A Minute For Sharon Mae...
I had strange dreams last night; and I need to make a couple calls to check on a couple friends to make sure their families are alright. Don't worry, I'm not gonna dial anybody up and say, "I had this dream that you..." Nuh-uh, that's not cool. I already worry about what a shitty friend I am 'cause the voicemail picked up when he called to tell me his Mom had died -- I'm not even bringin' anything like that up; I'll just call to say "Hey" and check in.
What really got me was that I woke up all panic-y after that -- I should know that I'm likely to believe the crap of my nightmares; after all, I'm that chick who nearly pis$ed the bed at twenty-something becuase I'd dreamed that an old friend of mine was dead in my bathtub. It took me about an hour to wake myself up enough to realize it was a dream, just go pee already. Shhh, don't tell anybody, but hey, I'll believe almost anything ya say to me when I'm half-asleep; so apparently I'll also believe anything my dreaming mind tells me too. Oh yeah, I should get in touch with her too...
Fighting off the panic-ish feeling for what seemed like forever ('cause that's how it is, it feels like forever when I'm in the middle of it), I was in the can fighting off Taco-Bell's-Revenge (probably part of what woke me up to begin with) when my alarm went off. I really thought I'd made one of those "healthier choices" gettin' 'Bell instead of McD's, but apparently not. When I ordered my Chicken Quesadilla & Cheese Nachos, I really thought I was doin' better than the bag of fried garbage I'd usually get at a burger joint. Not so. Seven dollars and forty two cents for a dinner that gave me the shits -- I could've ate cheaper and not got sick if I'd got Clown Chow instead; but oh well. Eating it at 8:30 might not have been a good idea either, but anyway...
If that's not enough, my "Horoscope" for today said something about "Tonight: Like There's No Tomorrow." One of these days I'll learn to avoid that crap too.

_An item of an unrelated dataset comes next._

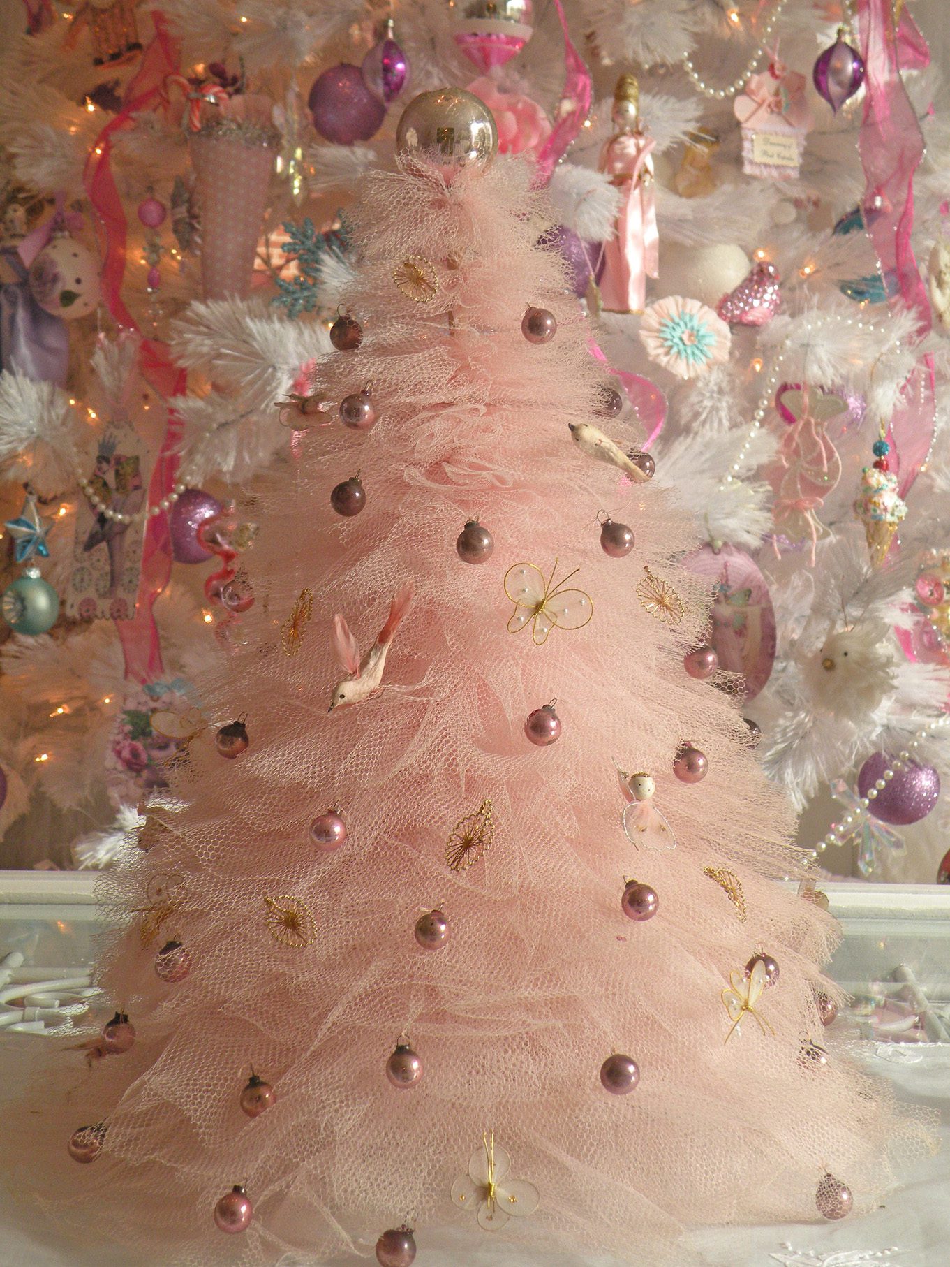 This very old vintage delicate tulle tree is a rare find from an Estate Sale. I just love pulling it out every year!

Since I was up earlier than usual, it worked out okay for me to actually do somethin' with my hair (instead of just comin' to work straight outta the towel like I usually do) and get dressed halfway "nice" just in case Dad wanted me to go with him to that funeral. Gawd, funerals are really somethin' -- When Grandma died, it didn't really hit me 'til a couple days later, when I got to lookin' through my wedding stuff and thinkin' about how she was the only one who was excited about it. I cried at the funeral, yeah, but it was mostly from watchin' what My Dad was dealin' with -- and his bitchy sisters cried too, but I'm sure that was mostly from knowin' they were each one step closer to the front of the line to get on the bus to hell. Uh, yeah, I'm still not over what they were doin' to their Mom...
I know it's awful, but a little part of me kinda hoped I might get to be there just in case I had the chance to make the difference between a Dallas/Dynasty hair-pullin' screechy cat fight and a full-on teeth-rakin' jersey-rippin' Hockey fight.
There's only a teensy little part of me that feels bad for thinkin' about how fun it would be to catch that ol' bag mouthin' at My Dad and just take her to the floor and start beatin' the sh!t out of her, whether she'd got the last hot roller out of the back of her hair or not, I'd just take her and shake her 'til all of Grandma's jewelry fell out of her orifi. Did I spell that right? Orfices? Orifi? Oh well...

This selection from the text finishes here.